Items listed in a dataset
((

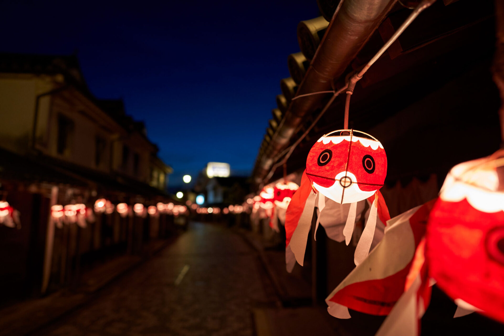 山口県柳井市は、瀬戸内海に面した商都として栄え、白壁の町並みに商人文化が息づくまちです。その歴史的景観を舞台に開催されるのが「柳井金魚ちょうちん祭り」です。祭りの象徴である柳井金魚ちょうちんは、幕末に北前船を通じて津軽の金魚ねぷた文化が伝わり、柳井の商人・熊谷林三郎が柳井縞の染料など地場の技を取り入れて生み出した郷土民芸品です。年に一度の祭りでは約2,500個の金魚ちょうちんが灯り、金魚ねぶたの山車が練り歩くことで、商都・柳井ならではの交流の歴史と灯りの文化が幻想的に表現されています。
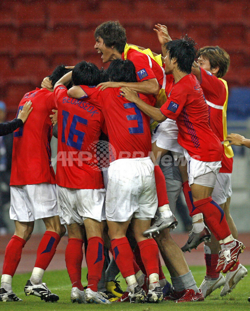 スポーツ サッカー 韓国 イランとのPK戦を制し2大会ぶりの4強入り 2007年7月23日 0:41 発信地:クアラルンプール/マレーシア [ アジア・オセアニア マレーシア ] このニュースをシェア ‹ › ❮ 1/18 ❯ PK戦を制し歓喜する韓国の選手。(c)AFP/ROSLAN RAHMAN 画像作成中 ! 【7月23日 AFP】サッカー、第14回アジアカップ(Asian Cup)・準々決勝、イランvs韓国。試合は0-0で迎えた延長戦でも決着がつかず、PK戦の末4-2で韓国が勝利し、2大会ぶりの4強入りを果たした。(c)AFP サッカー 一覧へ> メディア・報道関係・法人の方向け 写真・動画 購入のお問合せ>
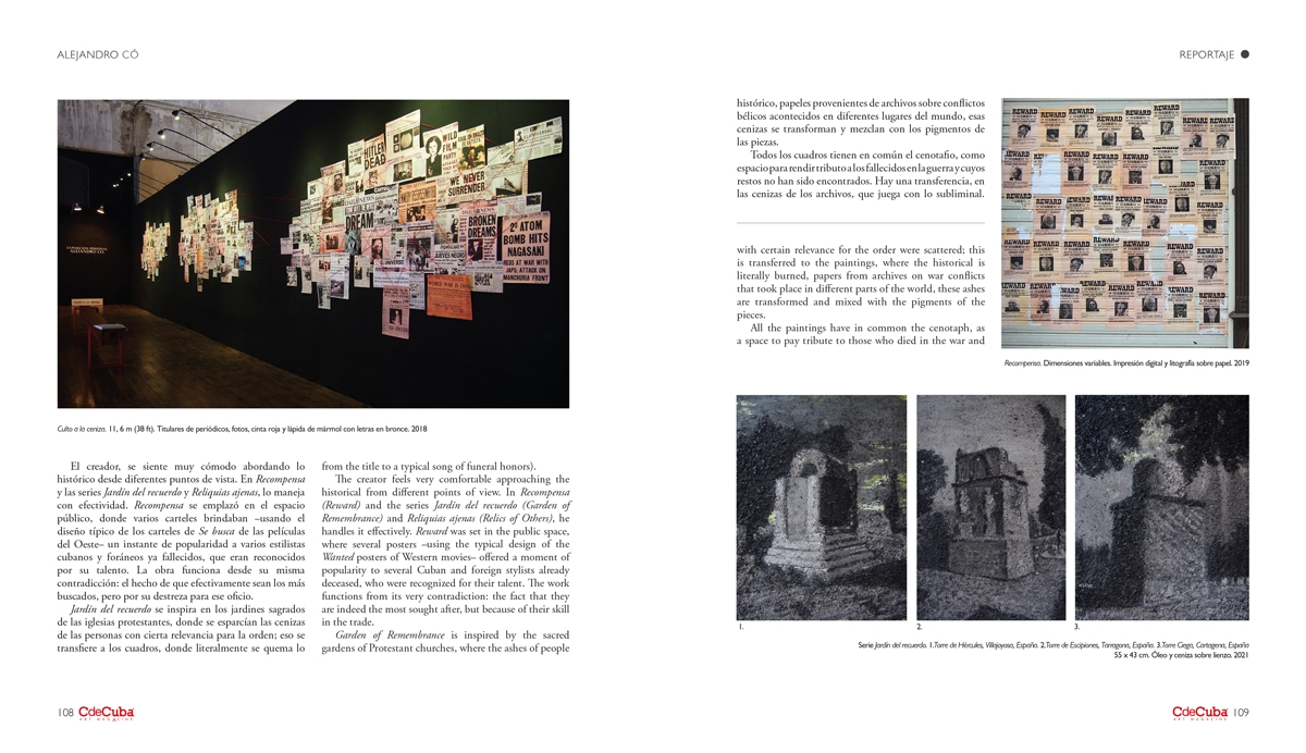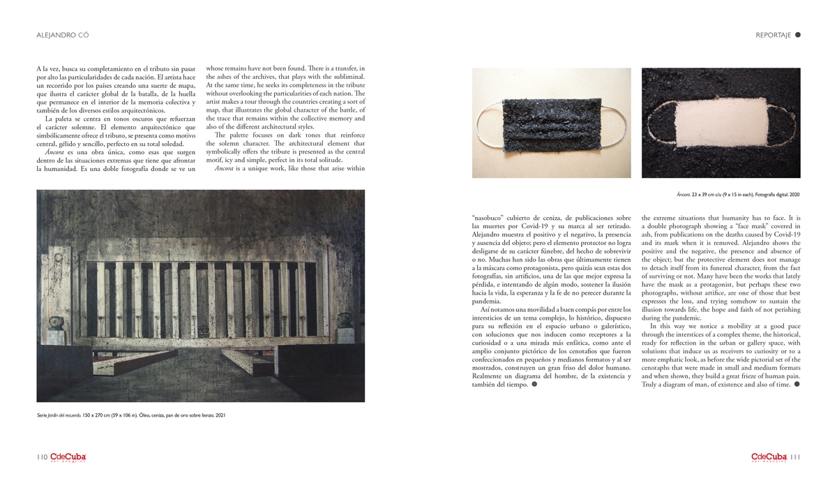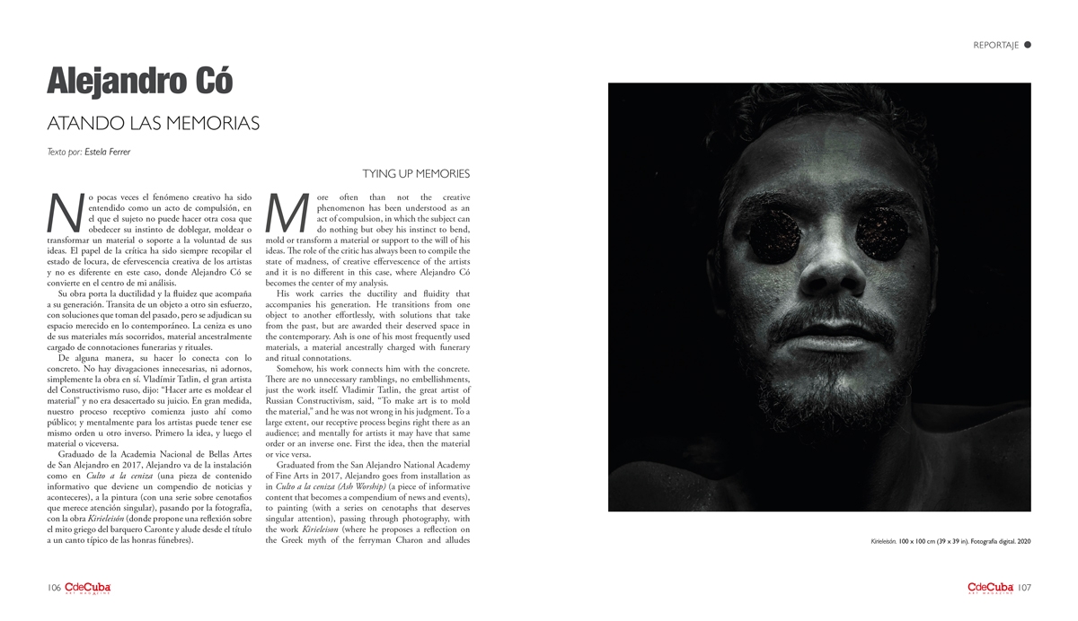 Graduated from the San Alejandro National Academy of Fine Arts in 2017, Alejandro goes from installation as in Culto a la ceniza (Ash Worship) (a piece of informative content that becomes a compendium of news and events), to painting (with a series on cenotaphs that deserves singular attention), passing through photography, with the work Kirieleison (where he proposes a reflection on the Greek myth of the ferryman Charon and alludes from the title to a typical song of funeral honors).
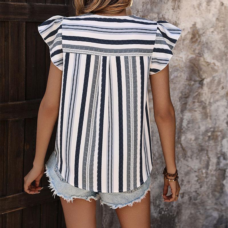 YYFS Женские модные повседневные летние весенние блузки и рубашки с v-образным вырезом и короткими рукавами в полоску с принтом
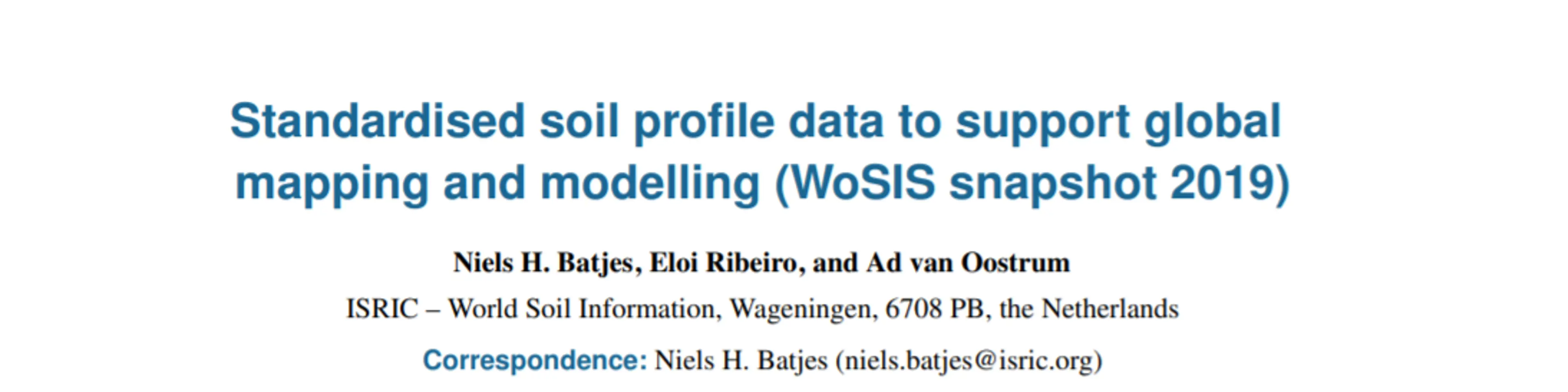 New paper in Earth System Data Science on ‘Standardised soil profile data to support global mapping and modelling’ by our colleagues Niels Batjes, Eloi Ribeiro and Ad van Oostrum (https://doi.org/10.5194/essd-12-299-2020).
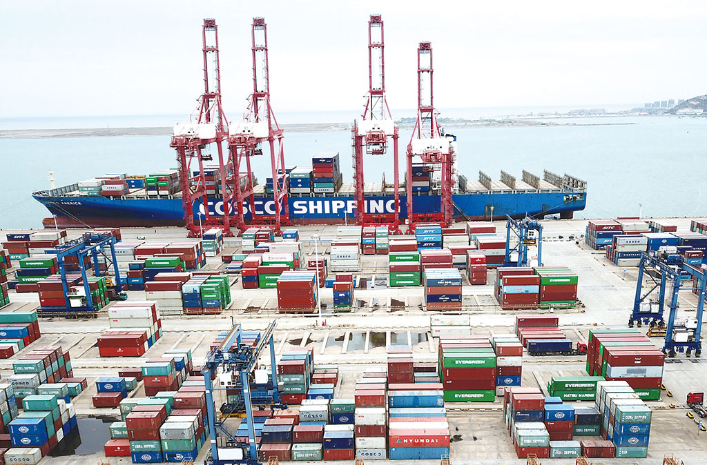 圖為4月13日,船舶在江蘇連云港港集裝箱碼頭裝卸集裝箱。耿玉和 攝
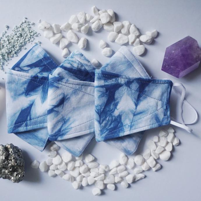 Dicelup menggunakan pewarna alami indigo dengan motif signature Binzu, Samudra Origami Mask memiliki motif yang serupa namun tidak sama pada setiap maskernya dikarenakan proses buatan tangan dari mulai pembuatan motif hingga proses pencelupan.
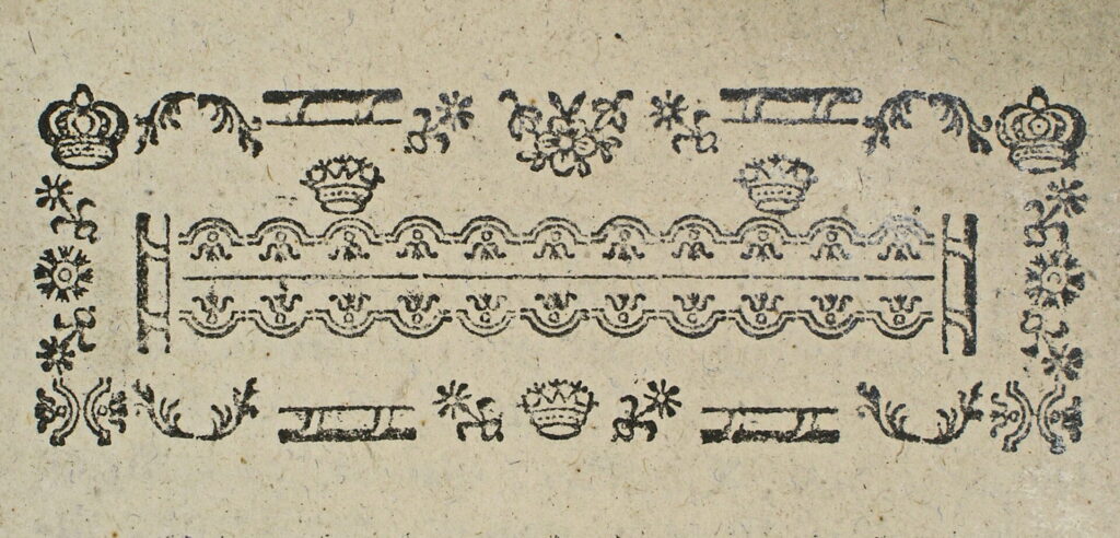 Документи мовчать і про джерела походження друкарських матеріалів. Цілком можливо, що шрифти походили з майстерні відомого варшавського друкаря, гісера (майстра з виготовлення шрифтів – Ред.), видавця й книгопродавця Петра Завадського. У своїй майстерні, відкритій 1777 року, Завадський відливав різні ґатунки антикви й курсиву, гражданські, гебрейські й готичні шрифти, ноти. В період свого функціонування він задовольняв потреби більшості друкарень на теренах Речі Посполитої. Дослідники засвідчують, що у луцькій друкарні використовували також шрифти, які відливали в гісерні, тобто майстерні з виготовлення шрифтів, Луцького монастиря.
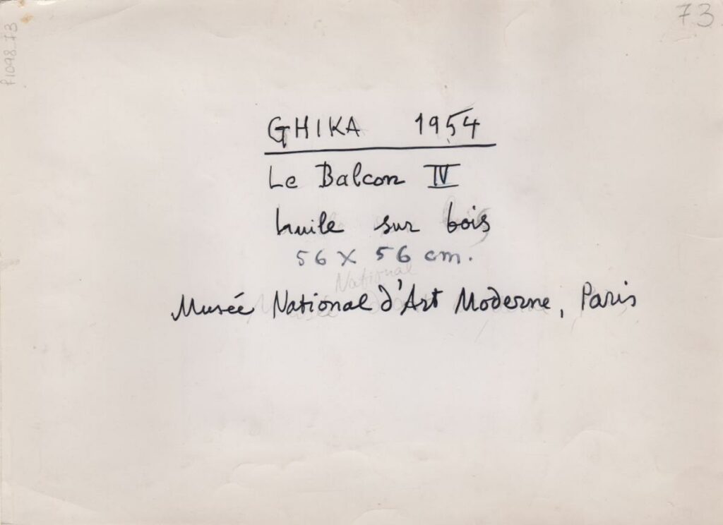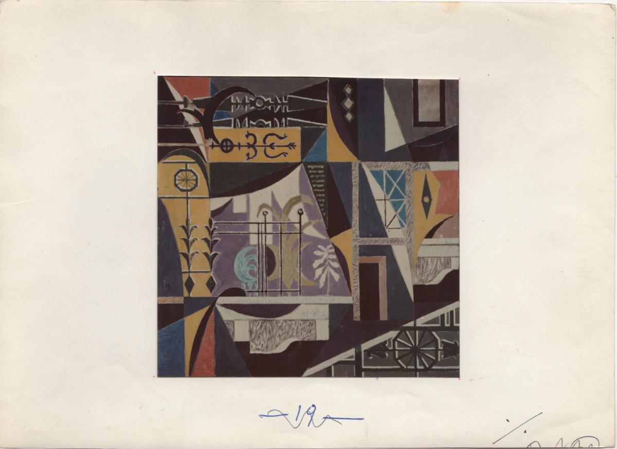 A black-and-white printed photograph of an artwork by Nikos Chatzikyriakos-Gkikas. On the reverse, handwritten insciption.
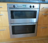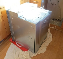 In fact this misalignment, and the need to wiggle the ends of the element back through the mounting holes, meant that it was easier in the end to remove the back of the oven to access the connecting wires from the rear. Removing the oven from the kitchen unit was easy -

))

### Exercise directions
Each record above is to be returned unchanged, while any picture it holds stays out.

### Written reply
 山口県柳井市は、瀬戸内海に面した商都として栄え、白壁の町並みに商人文化が息づくまちです。その歴史的景観を舞台に開催されるのが「柳井金魚ちょうちん祭り」です。祭りの象徴である柳井金魚ちょうちんは、幕末に北前船を通じて津軽の金魚ねぷた文化が伝わり、柳井の商人・熊谷林三郎が柳井縞の染料など地場の技を取り入れて生み出した郷土民芸品です。年に一度の祭りでは約2,500個の金魚ちょうちんが灯り、金魚ねぶたの山車が練り歩くことで、商都・柳井ならではの交流の歴史と灯りの文化が幻想的に表現されています。
 スポーツ サッカー 韓国 イランとのPK戦を制し2大会ぶりの4強入り 2007年7月23日 0:41 発信地:クアラルンプール/マレーシア [ アジア・オセアニア マレーシア ] このニュースをシェア ‹ › ❮ 1/18 ❯ PK戦を制し歓喜する韓国の選手。(c)AFP/ROSLAN RAHMAN 画像作成中 ! 【7月23日 AFP】サッカー、第14回アジアカップ(Asian Cup)・準々決勝、イランvs韓国。試合は0-0で迎えた延長戦でも決着がつかず、PK戦の末4-2で韓国が勝利し、2大会ぶりの4強入りを果たした。(c)AFP サッカー 一覧へ> メディア・報道関係・法人の方向け 写真・動画 購入のお問合せ>
 Graduated from the San Alejandro National Academy of Fine Arts in 2017, Alejandro goes from installation as in Culto a la ceniza (Ash Worship) (a piece of informative content that becomes a compendium of news and events), to painting (with a series on cenotaphs that deserves singular attention), passing through photography, with the work Kirieleison (where he proposes a reflection on the Greek myth of the ferryman Charon and alludes from the title to a typical song of funeral honors).
 YYFS Женские модные повседневные летние весенние блузки и рубашки с v-образным вырезом и короткими рукавами в полоску с принтом
 New paper in Earth System Data Science on ‘Standardised soil profile data to support global mapping and modelling’ by our colleagues Niels Batjes, Eloi Ribeiro and Ad van Oostrum (https://doi.org/10.5194/essd-12-299-2020).
 圖為4月13日,船舶在江蘇連云港港集裝箱碼頭裝卸集裝箱。耿玉和 攝
 Dicelup menggunakan pewarna alami indigo dengan motif signature Binzu, Samudra Origami Mask memiliki motif yang serupa namun tidak sama pada setiap maskernya dikarenakan proses buatan tangan dari mulai pembuatan motif hingga proses pencelupan.
 Документи мовчать і про джерела походження друкарських матеріалів. Цілком можливо, що шрифти походили з майстерні відомого варшавського друкаря, гісера (майстра з виготовлення шрифтів – Ред.), видавця й книгопродавця Петра Завадського. У своїй майстерні, відкритій 1777 року, Завадський відливав різні ґатунки антикви й курсиву, гражданські, гебрейські й готичні шрифти, ноти. В період свого функціонування він задовольняв потреби більшості друкарень на теренах Речі Посполитої. Дослідники засвідчують, що у луцькій друкарні використовували також шрифти, які відливали в гісерні, тобто майстерні з виготовлення шрифтів, Луцького монастиря.
 A black-and-white printed photograph of an artwork by Nikos Chatzikyriakos-Gkikas. On the reverse, handwritten insciption.
 In fact this misalignment, and the need to wiggle the ends of the element back through the mounting holes, meant that it was easier in the end to remove the back of the oven to access the connecting wires from the rear. Removing the oven from the kitchen unit was easy -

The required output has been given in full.